◆ **RECORDED DATA**:
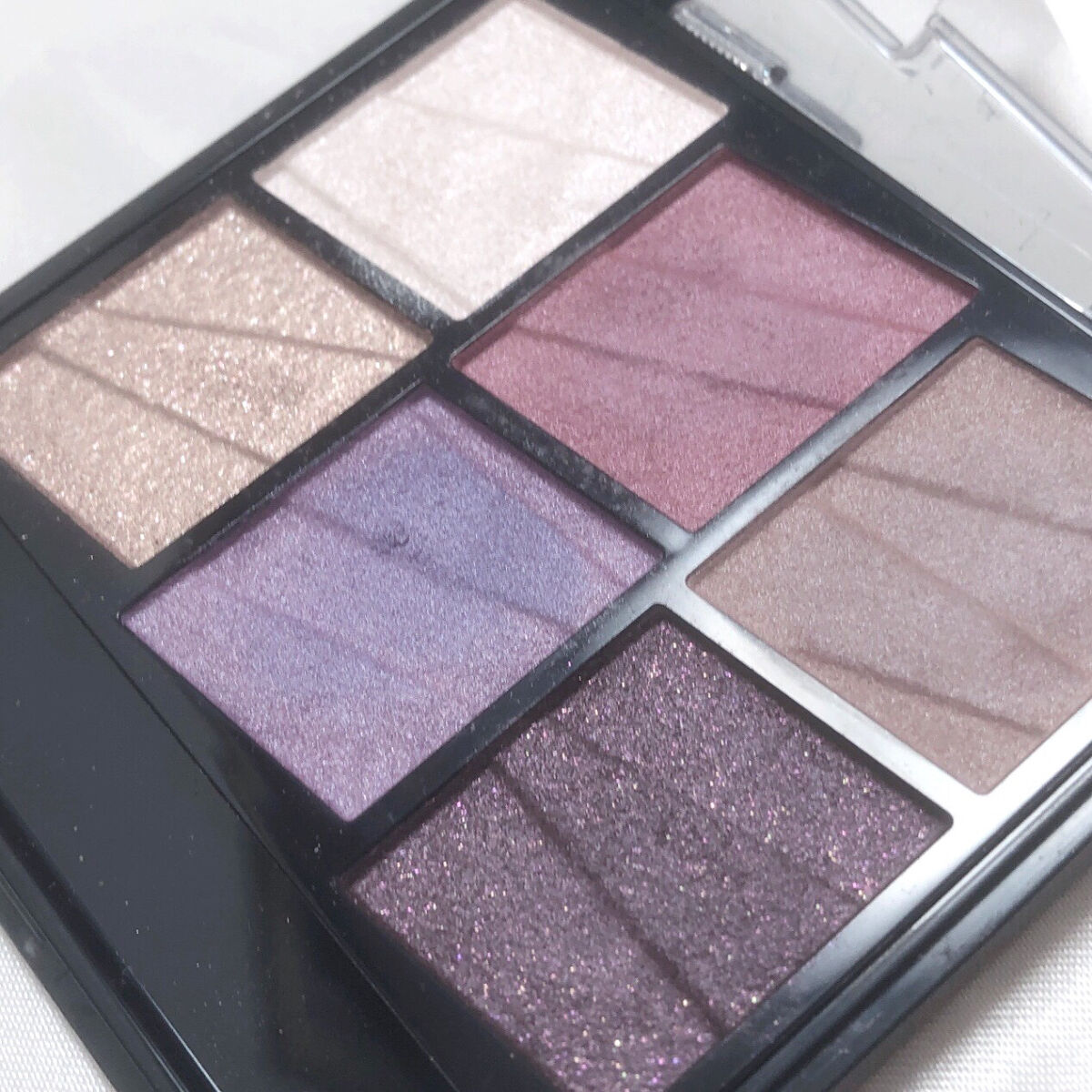 𓊆儚げで憂いだダークなパレット𓊇こんばんは𓂅💎麗薇💎です𓂃𓈒𓏸今回はKATEの『トーンディメンショナルパレット』を紹介します𓆸𓍯¥1800𓍯EX-2パープルブラウン系儚げで少し憂うような雰囲気のあるダークなマルチパレットです𓇢ブルベウィンターさん大優勝な青みのあるパキッとしたカラーが印象的なパレットでとってもかわいいんです♡6色で構成されていて左上から順番に1.繊細な輝きハイライトカラー2.血色感を演出するアクセントカラー3.影色を作るマットシェードカラー4.大粒輝きのグリッターカラー5.ワントーンが引き立つポイントカラー6.ディープに締めるパール入りダークカラーになっています𓇢1.うるうるな艶感ホワイトベージュホワイトベージュにシルバーのラメが入っていて、アイシャドウにもハイライトにも使えちゃいます𓇢うるうるとした艶感がとても綺麗で使うだけで顔全体を明るく見せてくれます𓇬肌なじみも思っていたよりもよくて、いろんなメイクで大活躍する万能カラーです𓍯2.妖艶なおとなっぽボルドー赤に近いボルドーで血色感とおとなっぽさの両方を叶えてくれます𓂅繊細なパールが入っていて艶っぽい見た目になってかわいいですよ𓆸個人的には涙袋とチークに使うのがおすすめです𓇢3.ナチュラルすぎる影色ブラウンめちゃくちゃナチュラルな影が作れちゃうブラウンです𓇬鼻筋を作るにも涙袋を作るにも使えてその上とっても自然なんです𓂅元からこの顔ですけど?を演出できちゃうとっても優秀なブラウンなんです𓇬4.きらきら煌めく多色ラメベージュ多色ラメがとにかくかわいすぎるベージュのアイシャドウです𓍯肌なじみがとってもよくて色よりもラメを載せるタイプのアイシャドウなので、ほかのアイシャドウに重ねても邪魔にならずにかわいくなります𓇬涙袋と黒目の上、目頭に塗っておけばとりあえずかわいくなります♡5.透明感大爆発ラベンダー透明感!って感じのラベンダーカラーで使うだけで儚くてかわいい瞳になれちゃいます𓆸一見使いにくそうなカラーに見えるんですけど、肌なじみが結構よくて普段使いもしやすいです𓇢まぶたに塗ってももちろんかわいいし手持ちのチークに重ねると透明感が出てかわいくなるのでおすすめです♡6.満点の星空のようなダークパープルここは天の川ですか?ってくらい星空すぎるダークパープルです𓇢最初は黒かなって思ったんですけど、塗ってみるとダークパープルって感じで締め色にぴったりなカラーです𓇬ピンクやゴールドの多色ラメが星のようにきらきらと煌めいてくれてとってもかわいいんです♡まだ生産終了になったばかりで、安く購入できるところが結構あるので見つけたらぜひ買ってほしいです𓇬ブルベウィンターや儚げなメイクをしたい方におすすめです𓂊気になった方はぜひ試してみてくださいね𓂅少しでも参考になったらうれしいです𓂃𓈒𓏸見てくれた方ありがとうございました𓍯#秋のガチ盛れメイク
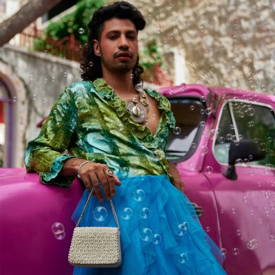 Burst The Bubble, Cherish, Clutches, Collection, Elite Minis, Minis, Ready to Ship, Shop, Valentine's Day GiftsInspired by the eclectic rainbow colour palette of semi-precious Tourmaline stones, this vibrant style is delicately hand embroidered with fine japanese bugle beads in a perfect ombre. Our mini trapezium bag is a compact and edgy silhouette. This flapover is designed with soft edges. It comes with a detachable sling chain. This collectible statement accessory fits in your valuables like makeup, keys, currency and cards. Color: Tourmaline Rainbow Handle: Detachable long crossbody chain Bag Dimensions: Length- 13.5 cms Width- 5.5 cms Height- 10.5 cms Composition: Top: Satin Lining: Soft Suedette Usage: Long chain Crossbody Shoulder Sling Double chain shoulder bag₹6,400₹6,400 -
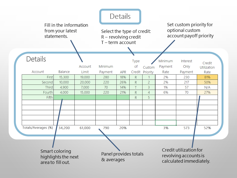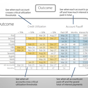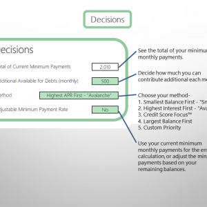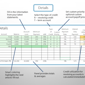 This tool plans out your debt payoff with all the standard options, Snowball (smallest balance), Avalanche (highest APR), largest balance, custom priority, but now a new method. Credit Score Focus™ plans payments around the key thresholds of credit utilization that the credit bureaus are watching for. 70%, 50%, 30% and 10%. Simply load in your account information and select Credit Score Method. The tool recalculates the account ranking based on credit utilization (each month) and puts your additional debt payment where it can have the biggest effect on that threshold. The tool shows the date of your next milestone, and estimates the expected credit score improvement. There is no more advanced debt payoff sheet out there, and there is no faster way to improve your credit score while paying off your debt.

◆ **EXERCISE AIM**:
The whole listing above, word for word: repeat it with the pictures excluded.

◆ **YOUR SOLUTION**:
 𓊆儚げで憂いだダークなパレット𓊇こんばんは𓂅💎麗薇💎です𓂃𓈒𓏸今回はKATEの『トーンディメンショナルパレット』を紹介します𓆸𓍯¥1800𓍯EX-2パープルブラウン系儚げで少し憂うような雰囲気のあるダークなマルチパレットです𓇢ブルベウィンターさん大優勝な青みのあるパキッとしたカラーが印象的なパレットでとってもかわいいんです♡6色で構成されていて左上から順番に1.繊細な輝きハイライトカラー2.血色感を演出するアクセントカラー3.影色を作るマットシェードカラー4.大粒輝きのグリッターカラー5.ワントーンが引き立つポイントカラー6.ディープに締めるパール入りダークカラーになっています𓇢1.うるうるな艶感ホワイトベージュホワイトベージュにシルバーのラメが入っていて、アイシャドウにもハイライトにも使えちゃいます𓇢うるうるとした艶感がとても綺麗で使うだけで顔全体を明るく見せてくれます𓇬肌なじみも思っていたよりもよくて、いろんなメイクで大活躍する万能カラーです𓍯2.妖艶なおとなっぽボルドー赤に近いボルドーで血色感とおとなっぽさの両方を叶えてくれます𓂅繊細なパールが入っていて艶っぽい見た目になってかわいいですよ𓆸個人的には涙袋とチークに使うのがおすすめです𓇢3.ナチュラルすぎる影色ブラウンめちゃくちゃナチュラルな影が作れちゃうブラウンです𓇬鼻筋を作るにも涙袋を作るにも使えてその上とっても自然なんです𓂅元からこの顔ですけど?を演出できちゃうとっても優秀なブラウンなんです𓇬4.きらきら煌めく多色ラメベージュ多色ラメがとにかくかわいすぎるベージュのアイシャドウです𓍯肌なじみがとってもよくて色よりもラメを載せるタイプのアイシャドウなので、ほかのアイシャドウに重ねても邪魔にならずにかわいくなります𓇬涙袋と黒目の上、目頭に塗っておけばとりあえずかわいくなります♡5.透明感大爆発ラベンダー透明感!って感じのラベンダーカラーで使うだけで儚くてかわいい瞳になれちゃいます𓆸一見使いにくそうなカラーに見えるんですけど、肌なじみが結構よくて普段使いもしやすいです𓇢まぶたに塗ってももちろんかわいいし手持ちのチークに重ねると透明感が出てかわいくなるのでおすすめです♡6.満点の星空のようなダークパープルここは天の川ですか?ってくらい星空すぎるダークパープルです𓇢最初は黒かなって思ったんですけど、塗ってみるとダークパープルって感じで締め色にぴったりなカラーです𓇬ピンクやゴールドの多色ラメが星のようにきらきらと煌めいてくれてとってもかわいいんです♡まだ生産終了になったばかりで、安く購入できるところが結構あるので見つけたらぜひ買ってほしいです𓇬ブルベウィンターや儚げなメイクをしたい方におすすめです𓂊気になった方はぜひ試してみてくださいね𓂅少しでも参考になったらうれしいです𓂃𓈒𓏸見てくれた方ありがとうございました𓍯#秋のガチ盛れメイク
 Burst The Bubble, Cherish, Clutches, Collection, Elite Minis, Minis, Ready to Ship, Shop, Valentine's Day GiftsInspired by the eclectic rainbow colour palette of semi-precious Tourmaline stones, this vibrant style is delicately hand embroidered with fine japanese bugle beads in a perfect ombre. Our mini trapezium bag is a compact and edgy silhouette. This flapover is designed with soft edges. It comes with a detachable sling chain. This collectible statement accessory fits in your valuables like makeup, keys, currency and cards. Color: Tourmaline Rainbow Handle: Detachable long crossbody chain Bag Dimensions: Length- 13.5 cms Width- 5.5 cms Height- 10.5 cms Composition: Top: Satin Lining: Soft Suedette Usage: Long chain Crossbody Shoulder Sling Double chain shoulder bag₹6,400₹6,400 -
 This tool plans out your debt payoff with all the standard options, Snowball (smallest balance), Avalanche (highest APR), largest balance, custom priority, but now a new method. Credit Score Focus™ plans payments around the key thresholds of credit utilization that the credit bureaus are watching for. 70%, 50%, 30% and 10%. Simply load in your account information and select Credit Score Method. The tool recalculates the account ranking based on credit utilization (each month) and puts your additional debt payment where it can have the biggest effect on that threshold. The tool shows the date of your next milestone, and estimates the expected credit score improvement. There is no more advanced debt payoff sheet out there, and there is no faster way to improve your credit score while paying off your debt.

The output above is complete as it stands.